Abstract: Human understanding of video dynamics is typically grounded in a structured mental representation of entities, actions, and temporal relations, rather than relying solely on immediate deductive reasoning. In contrast, existing Video-LLMs largely depend on unstructured video reasoning, where critical visual evidence is embedded in verbose textual descriptions and temporal causality is often weakly modeled.
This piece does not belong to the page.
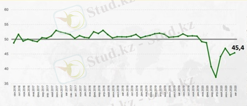 Наурыз және сәуір айларында төмендегеннен кейін индекс құлыптау біраз уақытқа жеңілдетілген мамыр мен маусымда көтеріле бастады. Жаздың бірінші айында ол 46, 8 баллға жетсе, кейін шілдеде ол қайтадан 44, 7 баллға дейін төмендеді. Индексті құрайтын Ұлттық банктің мәліметінше, «карантиндік шаралардың күшеюі қызмет көрсету саласы мен өнеркәсіпке ең үлкен кері әсер етті».
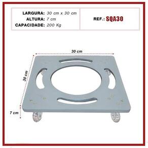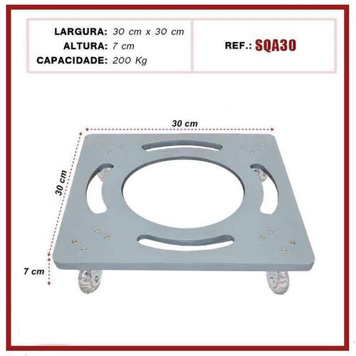 Base Suporte De Alumínio Quadrado Com Rodízios Gel Vaso 30Cm Suporte de alumínio Quadrado com rodinhas de silicone gel anti-risco e anti ruido. Ideal para facilitar a locomoção de objetos em geral, como vasos de plantas, eletrônicos, eletrodomésticos, entre outros. Em qualquer ambiente, sem ruídos e sem riscar ou danificar o seu piso. 4 rodízios giratórios - suportam até 200 kg. Modelo SQA30 Medidas técnicas do suporte: Altura total: 7 cm; Largura da base: 30x30 cm; Medidas técnicas do rodízio: Contém 4 rodas Diâmetro da roda: 50 mm; Vantagens: · grande durabilidade e resistência; · não enferrujam; · não riscam; · antirruídos; · suportam grande quantidade de peso Ean: 7898679670715

This leads to inefficient processes and fragile causal inference. To bridge this cognitive gap, we propose constructing a compact representation of salient events and their causal relationships, which we name Structured Event Facts, prior to the reasoning stage. This structured prior serves as an explicit constraint to promote concise and causally grounded reasoning, while also making intermediate evidence easier to verify. To effectively train models on such structured facts, we introduce CausalFact-60K and a four-stage training pipeline comprising facts alignment, format warm-start, thinking warm-start, and reinforcement learning-based post-training. During RL stage, we find that this framework introduces competing objectives, as structural completeness and causal fidelity must be balanced against reasoning length, making it difficult to optimize. We address this challenge by formulating the optimization as a Multi-Objective Reinforcement Learning (MORL) problem and explicitly optimizing toward the Pareto-Frontier to balance these trade-offs. As a result, we introduce Factum-4B, which yields more reliable reasoning and delivers stronger performance on challenging video understanding tasks requiring fine-grained temporal inference.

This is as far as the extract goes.